President Trump, however, is not the only nor perhaps even the most significant factor in this district or in Florida’s Cuban-American voting trends in general.
Cuban-Americans have historically been conservative and supported Republicans, and that was also of the case in 2016. Slightly more than half of Florida’s Cuban community voted for Trump (between 52 and 54% according to Pew) to Hillary’s 41%.
In 2012, Romney pulled the Florida Cuban-American vote with 52% to Obama’s 48%. Some are saying that Obama’s Cuba policy is why Hillary did so much worse than Obama, and that may have played a role. However, Cuban-Americans are like everyone else who leans right and probably didn’t like her for a lot of reasons beyond her outspoken support for lifting the embargo on Cuba.
It’s worth noting here, that President Bush (43) won 75% of Florida’s Cuban-American vote in 2000 and 78% in 2004.
This huge shift between 2000 / 2004 and 2012 / 2016 makes predicting races like Florida’s 27th difficult because there is more going on here than Trump or Cuba. Older anti-communist Cubans are dying off, and K-12 education ensures a steady diet of progressive politics and culture. This seeps into Cuban-American communities just as it does in any other.
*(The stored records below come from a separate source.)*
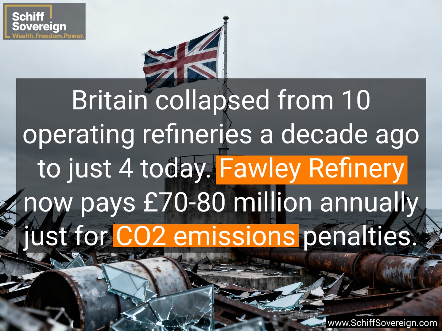 Britain collapsed from 10 operating refineries a decade ago to just 4 today. *Fawley Refinery* now pays £70-80 million annually just for *CO2 emissions* penalties.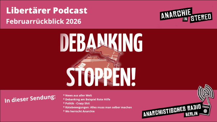 Das A-Radio Berlin präsentiert den neuen Libertären Podcast mit dem Februarrückblick 2026: unser ernster und satirischer Blick auf die Geschehnisse des Vormonats. Mit News aus aller Welt, einem Beitrag zum Thema Debanking, unserer Politik-Satire, eine Buchvorstellung zu Rätebewegungen, Wo herrscht Anarchie, Musik u.v.m.
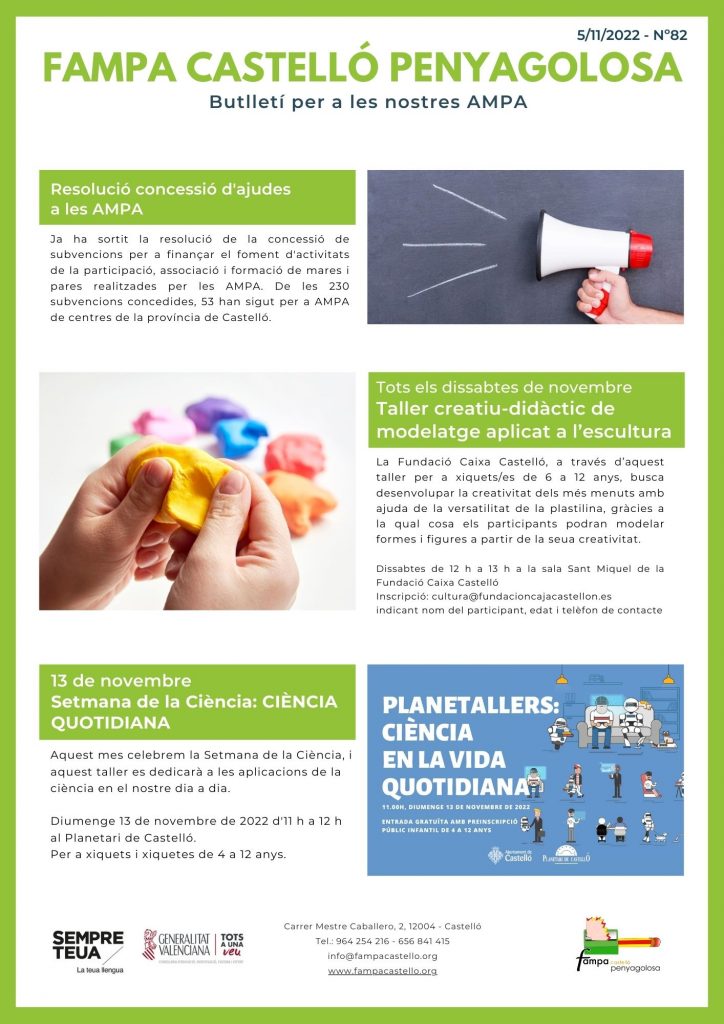 En el butlletí d’aquesta setmana us informem sobre la resolució de la concessió de subvencions per a finançar el foment d’activitats de la participació, associació i formació de mares i pares realitzades per les AMPA, un taller creatiu-didàctic de modelatge aplicat a l’escultura i, finalment, sobre una activitat per a celebrar la setmana de la ciència anomenada Ciència Quotidiana.

One thing is certain, the Cuban-American vote is waning, and has been before Trump, for Republicans and cannot be counted on as it once was. That said, this seat should not be written off because it is winnable, but the GOP powers that be (quite understandably) don’t want to sink a lot of money into it with Trump’s numbers being so low and the vote far less than certain.
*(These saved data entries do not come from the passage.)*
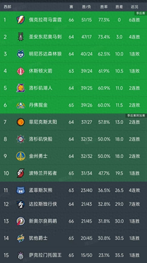 北京时间3月10日,今日的NBA常规赛结束了所有比赛,我们看看西部的最新排名!主要的战况是雷霆129-126绝杀掘金,勇士116-119憾负爵士,快船126-118掀翻尼克斯,灰熊115-123不敌篮网!
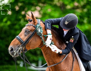 American Jennifer Hoffmann on Nasrin Mani's Hanoverian Endeavor (by Morricone x Foundation). Talented horse with good gaits but the hand aids could have been more subtle for a higher submission score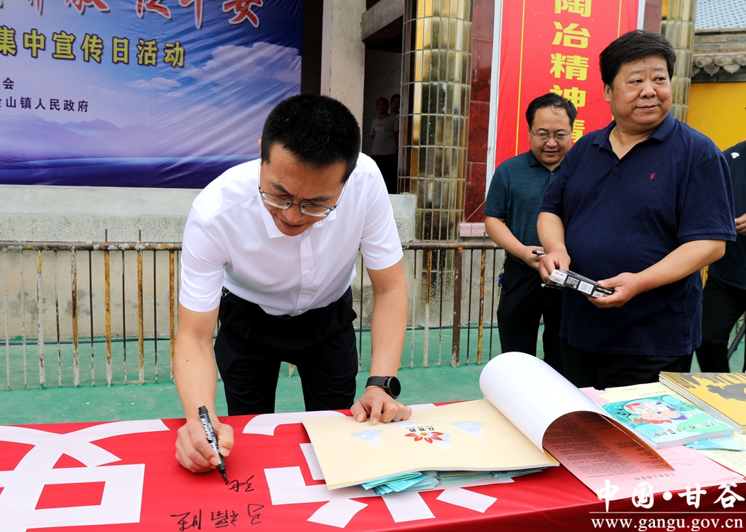 7月22日,甘谷县委政法委、县法院、检察院、公安局等部门在金山镇联合开展以“学党史、跟党走、反邪教、促平安”为主题的反邪教集中宣传日活动。县委常委、政法委书记马福胜,副县长、县公安局局长张涛,县法院院长王建军,县检察院检察长姜云出席活动,反邪教工作组各成员单位分管领导、各乡镇政法委员、金山镇镇村干部以及金山镇派出所、司法所人员共计400余人参加活动。

They need a strong conservative in that district, one who is Cuban-American and who can walk the line between Trumpophile and Trumpophobe. Ultimately, this is a very complex issue that involves far far more than Trump and that isn’t really measurable or predictable.
What is predictable, however, is that an easy Democrat win in this district will result in long-term harm for the GOP in terms of the Cuban-American vote. Effectively handing off a solid GOP seat, held since 1989, to the Democrats in a district that includes “Little Havana” would be a massive mistake with lasting repercussions.